:: The data ::
########

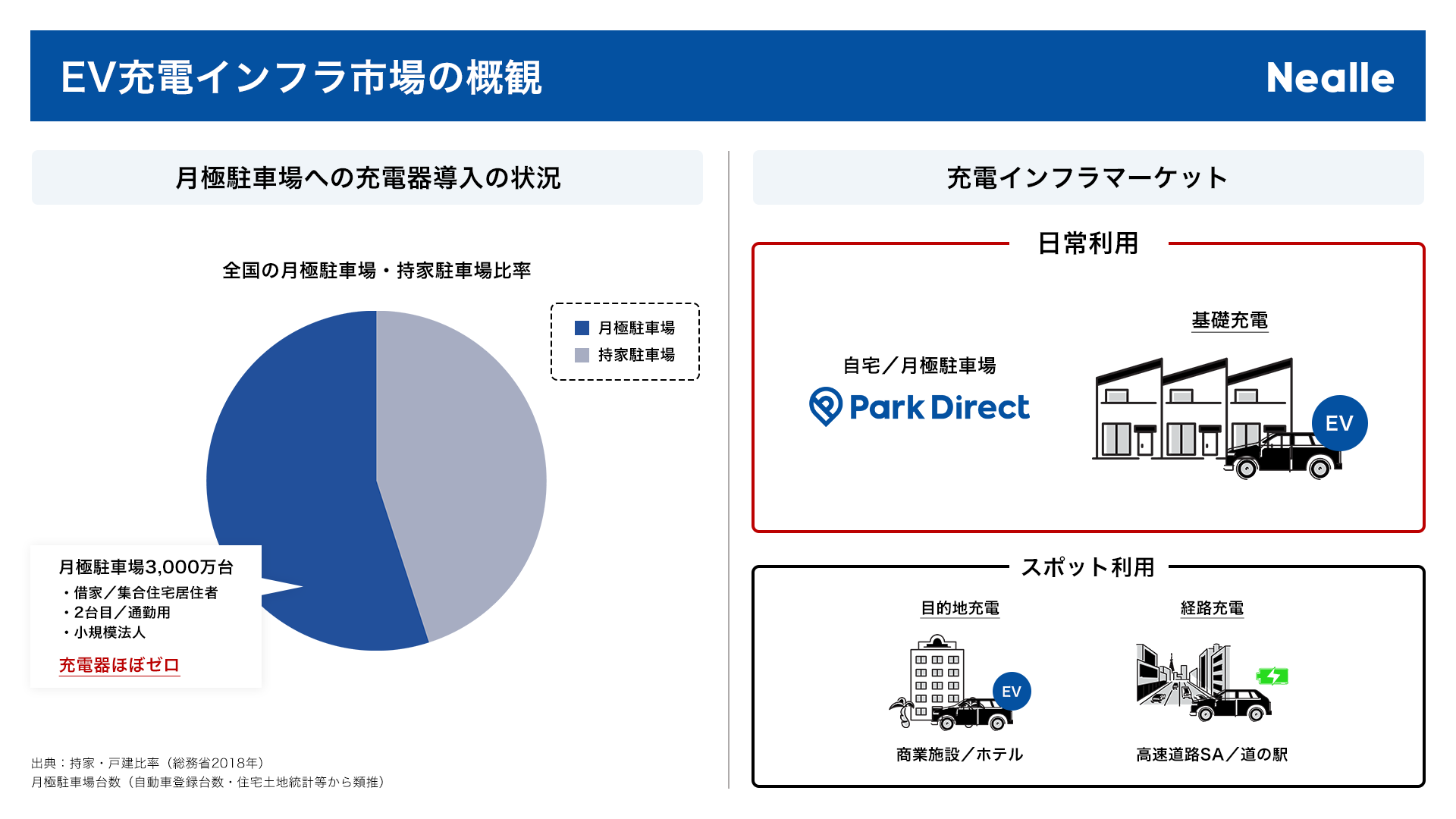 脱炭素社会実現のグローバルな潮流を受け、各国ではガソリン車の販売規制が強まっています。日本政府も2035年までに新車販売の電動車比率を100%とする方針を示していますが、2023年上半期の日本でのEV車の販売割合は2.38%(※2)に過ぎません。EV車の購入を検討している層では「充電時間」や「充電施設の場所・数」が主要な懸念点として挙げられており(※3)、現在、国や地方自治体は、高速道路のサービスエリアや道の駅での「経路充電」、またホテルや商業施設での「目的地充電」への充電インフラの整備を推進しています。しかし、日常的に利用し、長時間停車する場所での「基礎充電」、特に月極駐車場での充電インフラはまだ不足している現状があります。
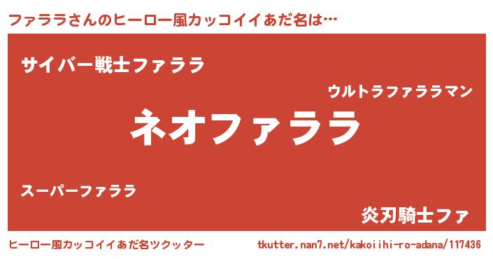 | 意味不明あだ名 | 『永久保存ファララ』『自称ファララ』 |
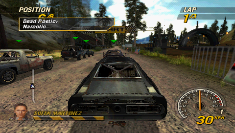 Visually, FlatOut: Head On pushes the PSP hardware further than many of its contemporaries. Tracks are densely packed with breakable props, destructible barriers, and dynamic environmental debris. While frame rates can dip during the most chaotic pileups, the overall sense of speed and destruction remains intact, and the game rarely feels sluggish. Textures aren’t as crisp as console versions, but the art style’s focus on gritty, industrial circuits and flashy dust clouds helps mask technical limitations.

########

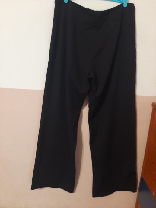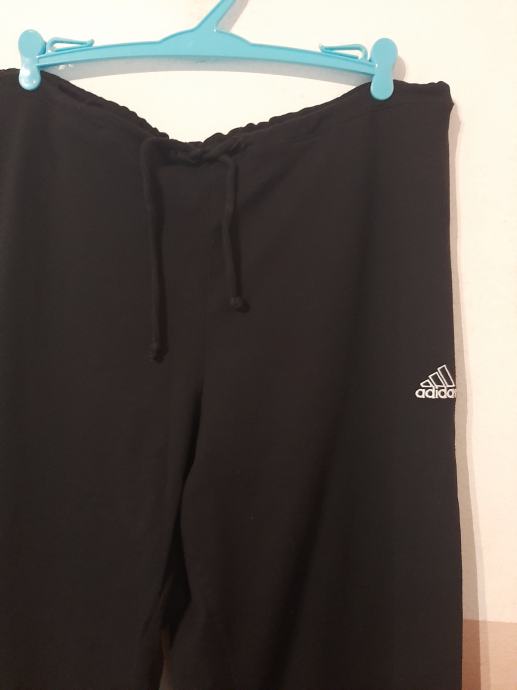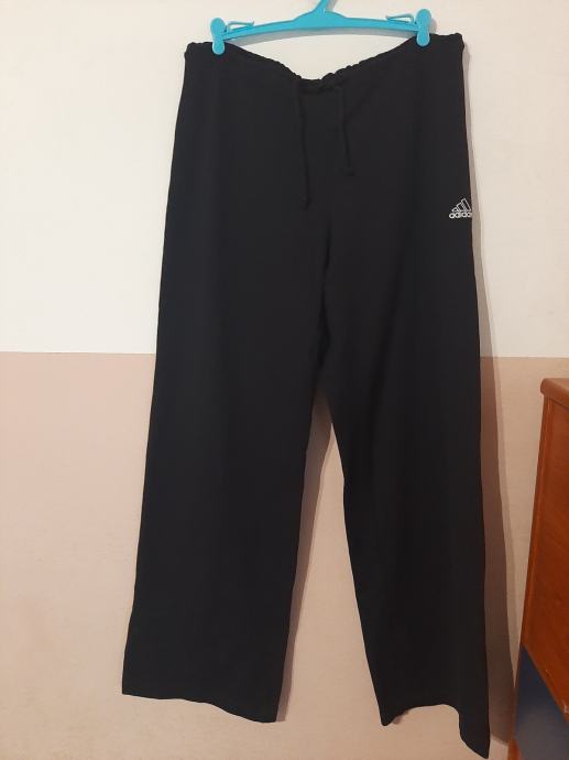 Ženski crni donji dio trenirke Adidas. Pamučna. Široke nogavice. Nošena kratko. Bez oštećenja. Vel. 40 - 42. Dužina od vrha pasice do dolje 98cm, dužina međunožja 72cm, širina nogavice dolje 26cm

########

:: Exercise details ::
Exact copy, pictures excluded: from the line with "脱炭素社会実現のグローバルな" up to and including the line with "意味不明あだ名 | 『永久保存ファララ』『自称ファララ』 |" in the data above.

:: Result of this task ::
 脱炭素社会実現のグローバルな潮流を受け、各国ではガソリン車の販売規制が強まっています。日本政府も2035年までに新車販売の電動車比率を100%とする方針を示していますが、2023年上半期の日本でのEV車の販売割合は2.38%(※2)に過ぎません。EV車の購入を検討している層では「充電時間」や「充電施設の場所・数」が主要な懸念点として挙げられており(※3)、現在、国や地方自治体は、高速道路のサービスエリアや道の駅での「経路充電」、またホテルや商業施設での「目的地充電」への充電インフラの整備を推進しています。しかし、日常的に利用し、長時間停車する場所での「基礎充電」、特に月極駐車場での充電インフラはまだ不足している現状があります。
 | 意味不明あだ名 | 『永久保存ファララ』『自称ファララ』 |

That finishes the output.